▶ _DATA TO USE_:
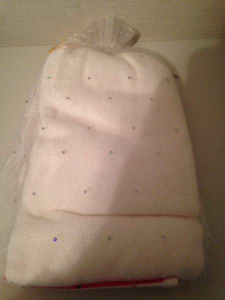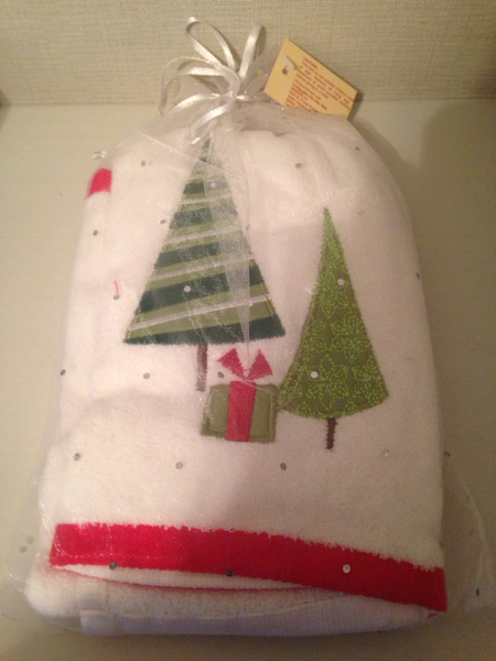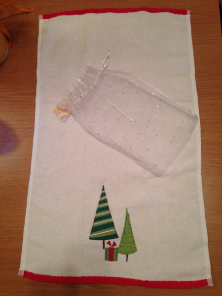 モミの木2本とプレゼント箱モチーフに赤のラインが入った可愛らしい、新品未使用タオルです。
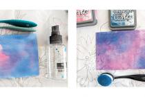 Gebt hier etwas Farbe direkt vom Stempelkissen auf euer Papier. Mit einem feuchten Tuch, könnt ihr die Farbe ganz leicht verwischen und sehr schöne Verläufe erstellen.
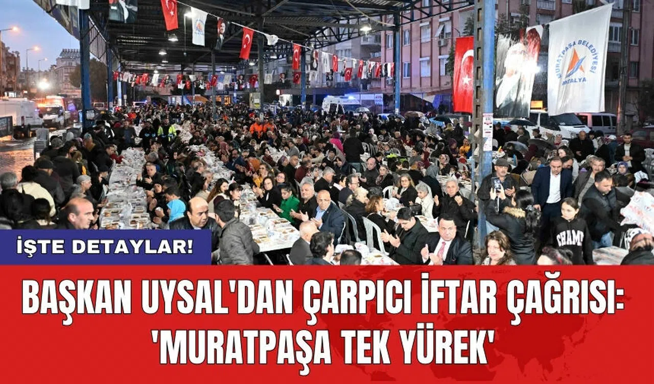 Dualar eşliğinde açılan orucun ardından Başkan Uysal, mahalleliye seslendi. "Omuz omuza, kol kola bir dünyamız var" diye başlayan konuşmasında Uysal, mahalle sakinlerine şunları söyledi: “Bir yıl aradan sonra aynı sofranın etrafında beraberiz. Ramazan’ımız hayırlı olsun. Tuttuğunuz oruçları Allah kabul etsin. Biz de ayrı gayrı yok. Bütün Muratpaşa tek yürek. Anca beraber kanca beraber. Bu sofranın etrafına gönlü zengin olan, gönlü güzel olan birlikten beraberlikten yana olan, saygıdan sevgiden yana olan, yüreği geniş olan, kalbi büyük olan insanların birliğini önemseyen bütün Muratpaşalılar bizim Halil İbrahim sofralarımıza her Ramazan da mahallelerimizde oturuyorlar.”
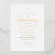 Elegant Gold Cross Calligraphy First Communion Foil Invitation features a delicate modern cross, paired with modern type and beautiful calligraphy script.
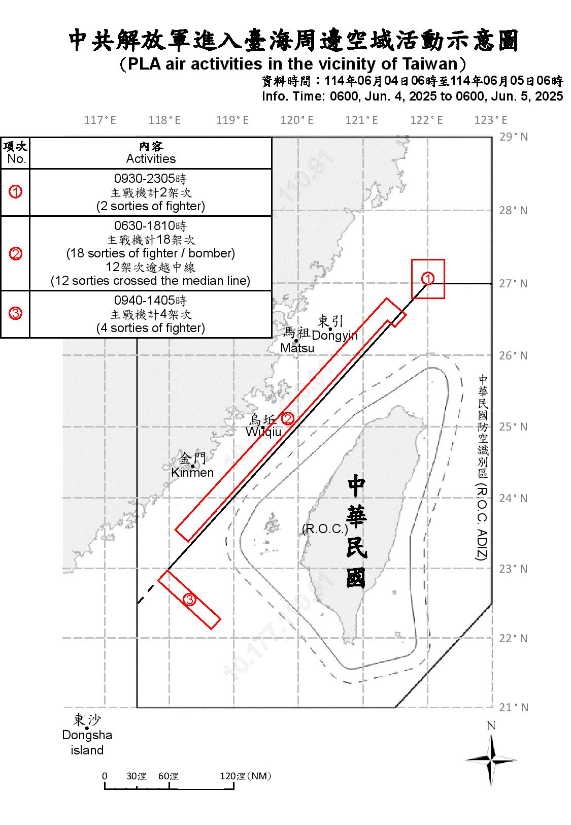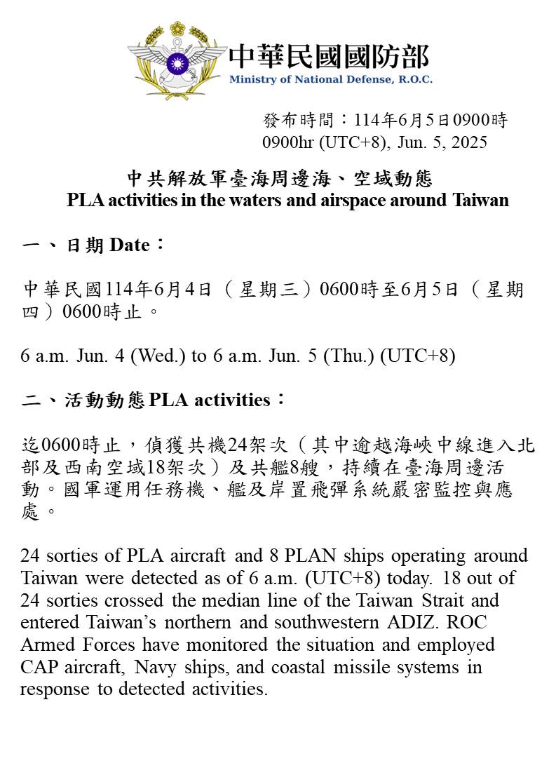 24 sorties of PLA aircraft and 8 PLAN ships operating around Taiwan were detected as of 6 a.m. (UTC+8) today. 18 out of 24 sorties crossed the median line of the Taiwan Strait and entered Taiwan’s northern and eastern ADIZ. ROC Armed Forces have monitored the situation and employed CAP aircraft, Navy ships, and coastal missile systems in response to detected activities.
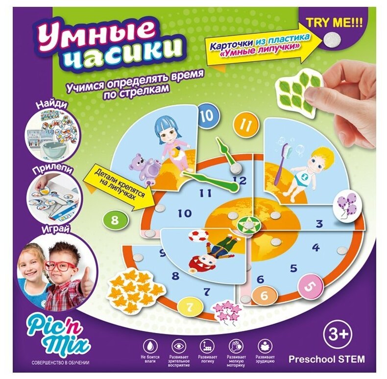 Игра настольная Pic&Mix пазл-липучка Умные часики (112011)
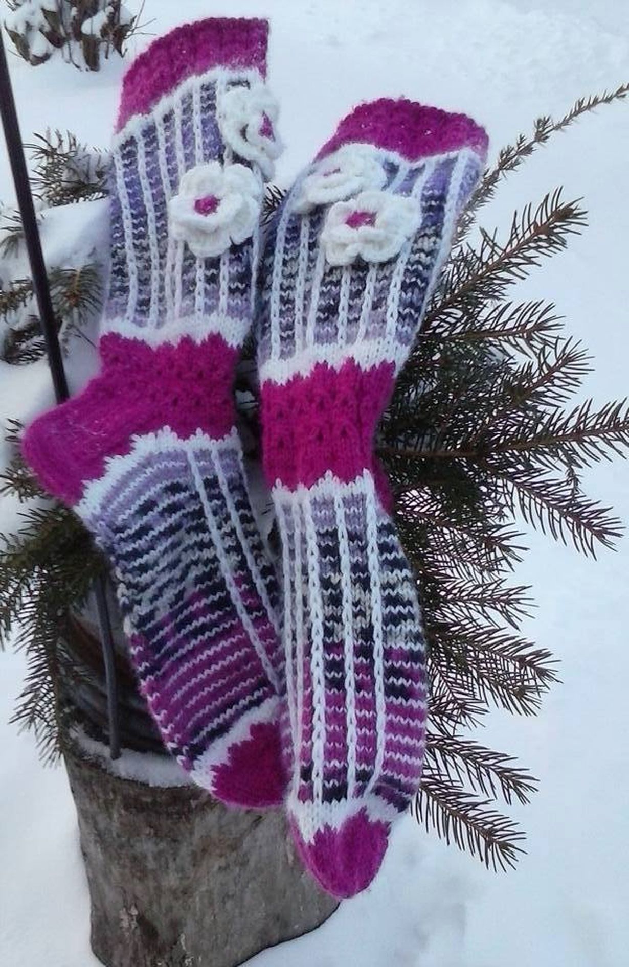 Lähetä kuvakisaan kuva villasukistasi - voita Familonin peitto ja tyyny! Kerrosrivinousu sukat kukilla Lennu 3.8.2022 klo 9:58 Kauneimmat villasukkani
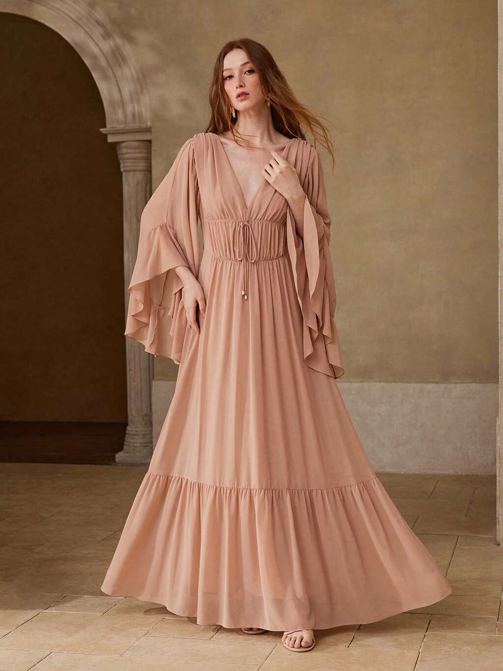 WOMEN'S ELEGANT LONG DRESS WITH RUFFLE HEM DESIGN, SPRING/SUMMER
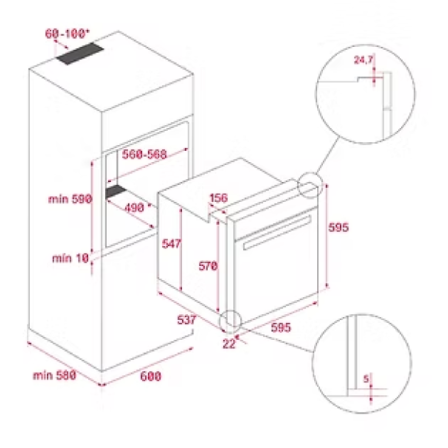 General Dimension HxWxD: 595mm x 595mm x 537+22mm
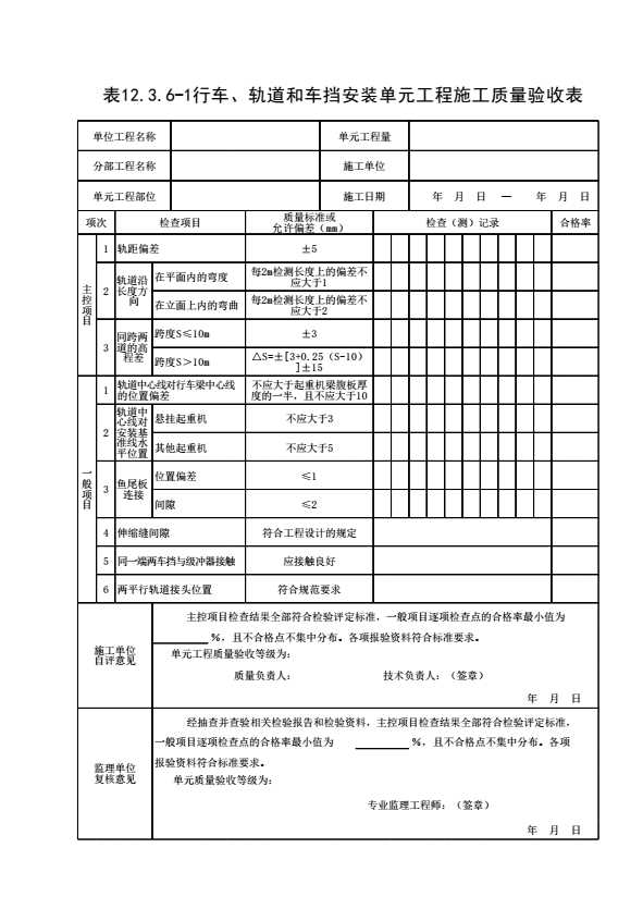 表格名称:表12.3.6-1 行车、轨道和车挡安装单元工程施工质量验收表
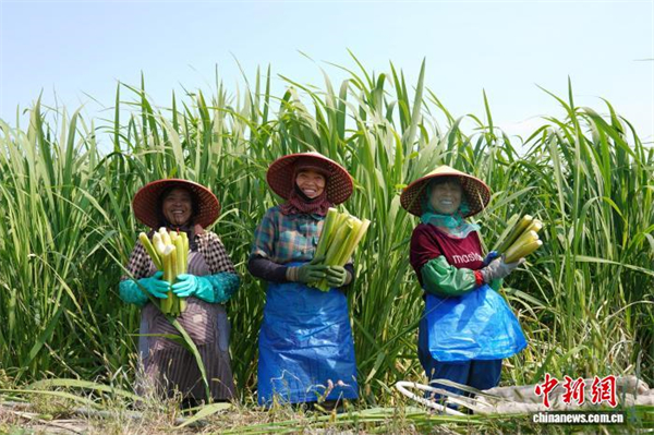 中新社吉林白城9月14日電 (記者 郭佳)白露時節,是吉林白城鎮賚茭白的收獲季。隨著氣溫降至25攝氏度以下,這種特色水生蔬菜集中結茭,搶先進入市場。相比中國南方尚未采收的茭白,地處東北松嫩平原和科爾沁草原交融匯聚地帶的鎮賚形成獨特的“收獲時差”,為鹽堿地農業利用開辟了新空間。
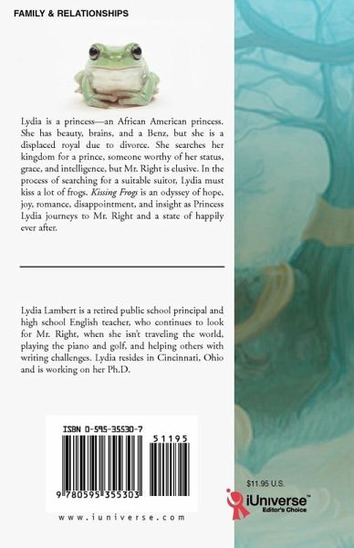 Lydia is a princess-an African American princess. She has beauty, brains, and a Benz, but she is a displaced royal due to divorce. She searches her kingdom for a prince, someone worthy of her status, grace, and intelligence, but Mr. Right is elusive. In the process of searching for a suitable suitor, Lydia must kiss a lot of frogs. Kissing Frogs is an odyssey of hope, joy, romance, disappointment, and insight as Princess Lydia journeys to Mr. Right and a state of happily ever after.
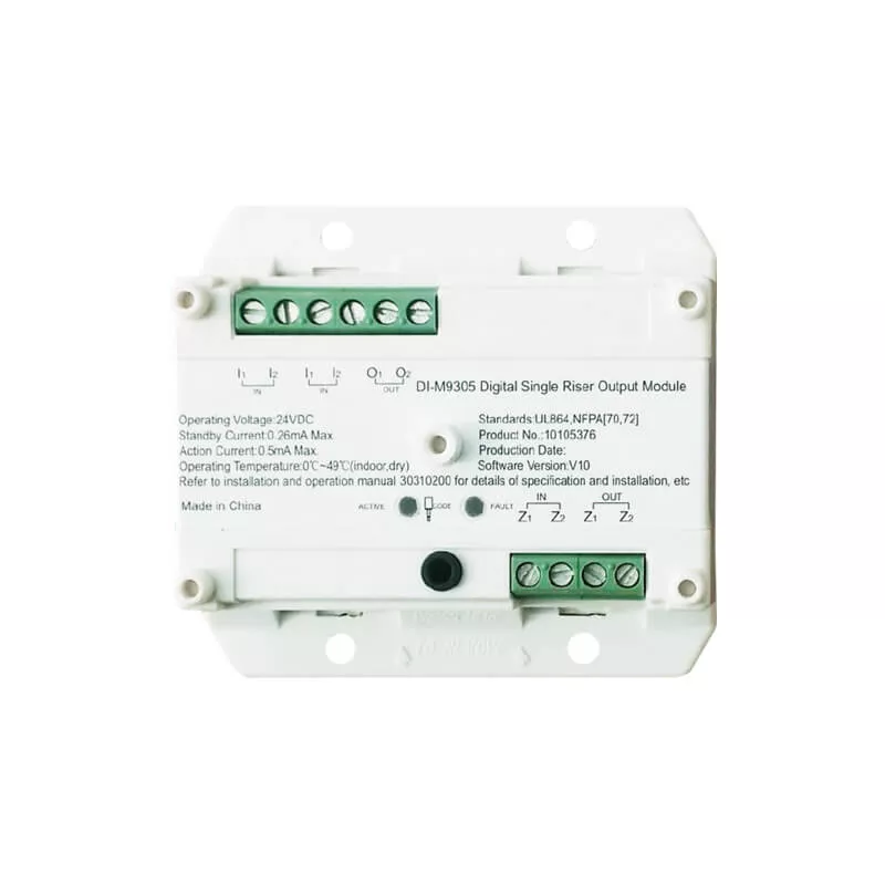 Addressable single riser output module is dedicated to one riser or zone operation to simplify wiring. It receives command from the FACP to control the power on or off, so to trigger connected fire safety equipment.

▶ _WHAT TO DO_: Would you please repeat each record exactly? Leave the pictures out.

▶ _TASK OUTPUT_:
 モミの木2本とプレゼント箱モチーフに赤のラインが入った可愛らしい、新品未使用タオルです。
 Gebt hier etwas Farbe direkt vom Stempelkissen auf euer Papier. Mit einem feuchten Tuch, könnt ihr die Farbe ganz leicht verwischen und sehr schöne Verläufe erstellen.
 Dualar eşliğinde açılan orucun ardından Başkan Uysal, mahalleliye seslendi. "Omuz omuza, kol kola bir dünyamız var" diye başlayan konuşmasında Uysal, mahalle sakinlerine şunları söyledi: “Bir yıl aradan sonra aynı sofranın etrafında beraberiz. Ramazan’ımız hayırlı olsun. Tuttuğunuz oruçları Allah kabul etsin. Biz de ayrı gayrı yok. Bütün Muratpaşa tek yürek. Anca beraber kanca beraber. Bu sofranın etrafına gönlü zengin olan, gönlü güzel olan birlikten beraberlikten yana olan, saygıdan sevgiden yana olan, yüreği geniş olan, kalbi büyük olan insanların birliğini önemseyen bütün Muratpaşalılar bizim Halil İbrahim sofralarımıza her Ramazan da mahallelerimizde oturuyorlar.”
 Elegant Gold Cross Calligraphy First Communion Foil Invitation features a delicate modern cross, paired with modern type and beautiful calligraphy script.
 24 sorties of PLA aircraft and 8 PLAN ships operating around Taiwan were detected as of 6 a.m. (UTC+8) today. 18 out of 24 sorties crossed the median line of the Taiwan Strait and entered Taiwan’s northern and eastern ADIZ. ROC Armed Forces have monitored the situation and employed CAP aircraft, Navy ships, and coastal missile systems in response to detected activities.
 Игра настольная Pic&Mix пазл-липучка Умные часики (112011)
 Lähetä kuvakisaan kuva villasukistasi - voita Familonin peitto ja tyyny! Kerrosrivinousu sukat kukilla Lennu 3.8.2022 klo 9:58 Kauneimmat villasukkani
 WOMEN'S ELEGANT LONG DRESS WITH RUFFLE HEM DESIGN, SPRING/SUMMER
 General Dimension HxWxD: 595mm x 595mm x 537+22mm
 表格名称:表12.3.6-1 行车、轨道和车挡安装单元工程施工质量验收表
 中新社吉林白城9月14日電 (記者 郭佳)白露時節,是吉林白城鎮賚茭白的收獲季。隨著氣溫降至25攝氏度以下,這種特色水生蔬菜集中結茭,搶先進入市場。相比中國南方尚未采收的茭白,地處東北松嫩平原和科爾沁草原交融匯聚地帶的鎮賚形成獨特的“收獲時差”,為鹽堿地農業利用開辟了新空間。
 Lydia is a princess-an African American princess. She has beauty, brains, and a Benz, but she is a displaced royal due to divorce. She searches her kingdom for a prince, someone worthy of her status, grace, and intelligence, but Mr. Right is elusive. In the process of searching for a suitable suitor, Lydia must kiss a lot of frogs. Kissing Frogs is an odyssey of hope, joy, romance, disappointment, and insight as Princess Lydia journeys to Mr. Right and a state of happily ever after.
 Addressable single riser output module is dedicated to one riser or zone operation to simplify wiring. It receives command from the FACP to control the power on or off, so to trigger connected fire safety equipment.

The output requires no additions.